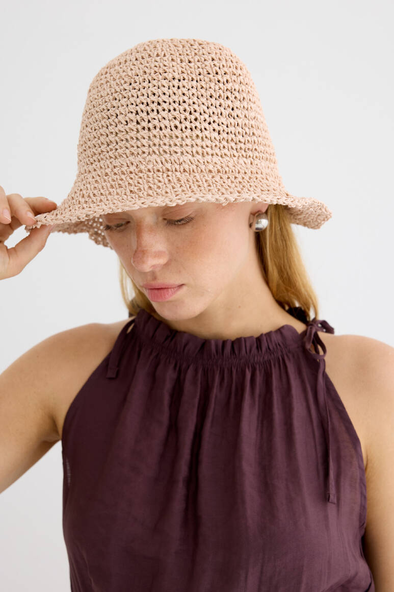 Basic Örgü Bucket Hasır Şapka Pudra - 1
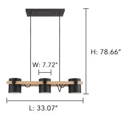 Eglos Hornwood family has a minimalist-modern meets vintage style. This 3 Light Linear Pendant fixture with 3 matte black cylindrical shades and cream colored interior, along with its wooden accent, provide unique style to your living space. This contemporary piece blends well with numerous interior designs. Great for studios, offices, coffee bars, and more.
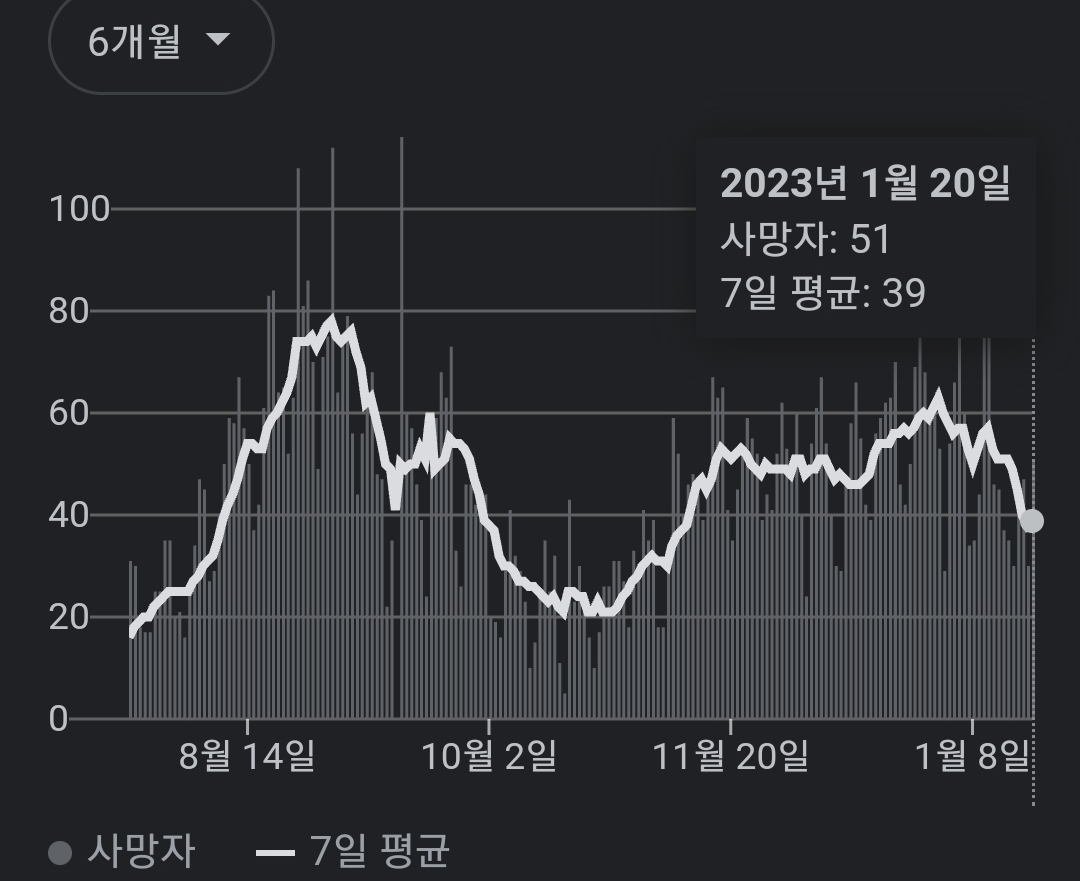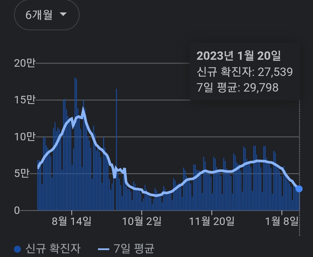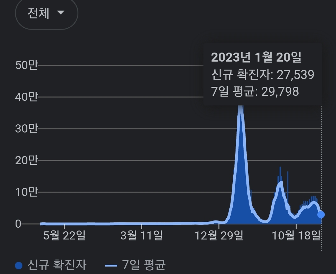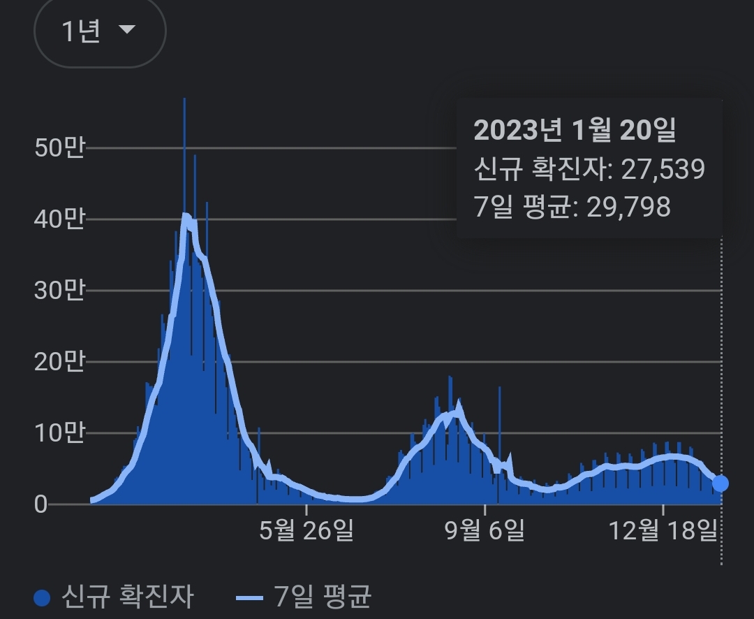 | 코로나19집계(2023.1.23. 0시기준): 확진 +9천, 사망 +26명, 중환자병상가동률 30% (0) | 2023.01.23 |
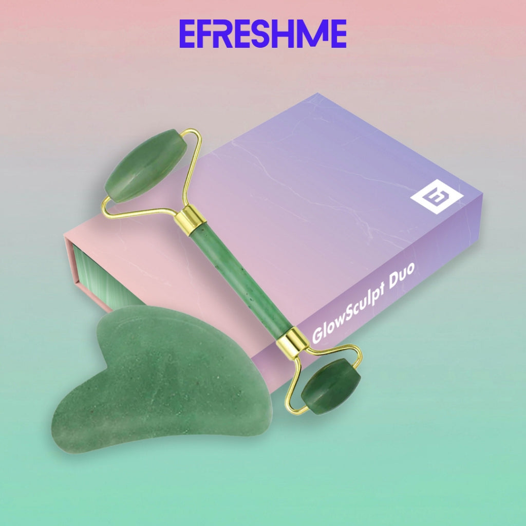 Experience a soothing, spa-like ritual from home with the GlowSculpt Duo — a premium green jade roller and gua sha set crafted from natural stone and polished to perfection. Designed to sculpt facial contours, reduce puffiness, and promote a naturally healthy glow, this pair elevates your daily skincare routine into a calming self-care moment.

***

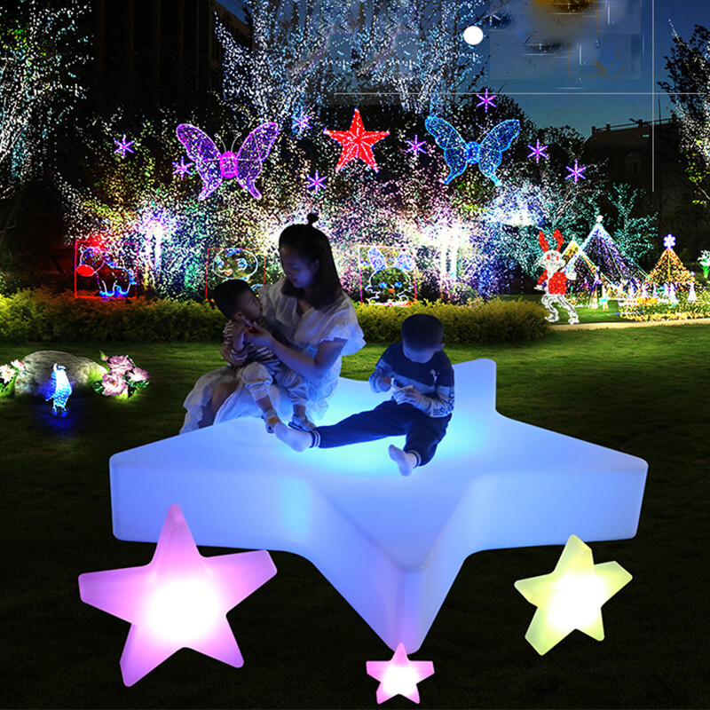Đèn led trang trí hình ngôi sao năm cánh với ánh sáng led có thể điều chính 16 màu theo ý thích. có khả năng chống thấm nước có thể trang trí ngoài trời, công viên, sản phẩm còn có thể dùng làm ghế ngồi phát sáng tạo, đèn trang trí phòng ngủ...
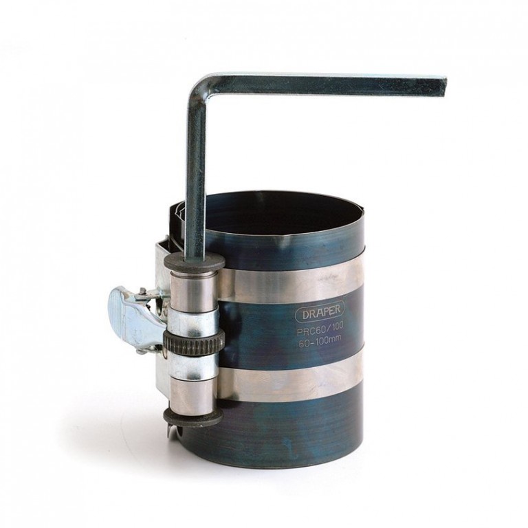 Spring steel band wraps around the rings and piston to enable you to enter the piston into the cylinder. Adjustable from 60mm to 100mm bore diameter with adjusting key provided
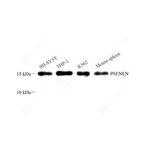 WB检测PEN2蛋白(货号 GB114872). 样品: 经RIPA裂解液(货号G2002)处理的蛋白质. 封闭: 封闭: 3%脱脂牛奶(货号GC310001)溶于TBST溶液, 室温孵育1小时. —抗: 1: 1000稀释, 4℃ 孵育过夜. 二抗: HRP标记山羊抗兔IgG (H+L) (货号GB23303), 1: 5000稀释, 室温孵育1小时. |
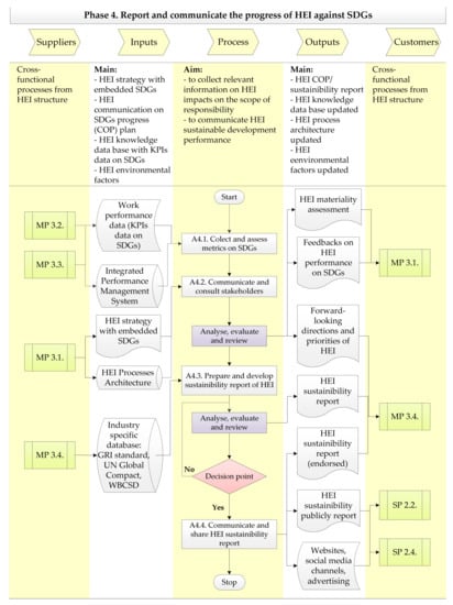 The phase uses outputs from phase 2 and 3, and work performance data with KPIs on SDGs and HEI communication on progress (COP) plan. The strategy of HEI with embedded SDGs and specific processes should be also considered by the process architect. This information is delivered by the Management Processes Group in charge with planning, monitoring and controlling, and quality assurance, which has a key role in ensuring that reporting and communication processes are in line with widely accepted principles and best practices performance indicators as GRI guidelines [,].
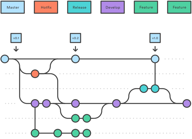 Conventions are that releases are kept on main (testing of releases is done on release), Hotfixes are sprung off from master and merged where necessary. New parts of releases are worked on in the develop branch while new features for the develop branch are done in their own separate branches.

***

→ TASK PROMPT: Output exactly the lines of the listing above that start with the one holding "(0) | 2023.01.23 |" and go on through the one holding "Experience a soothing, spa-like"; leave the pictures out.

→ SOLUTION TO THE EXERCISE:
 | 코로나19집계(2023.1.23. 0시기준): 확진 +9천, 사망 +26명, 중환자병상가동률 30% (0) | 2023.01.23 |
 Experience a soothing, spa-like ritual from home with the GlowSculpt Duo — a premium green jade roller and gua sha set crafted from natural stone and polished to perfection. Designed to sculpt facial contours, reduce puffiness, and promote a naturally healthy glow, this pair elevates your daily skincare routine into a calming self-care moment.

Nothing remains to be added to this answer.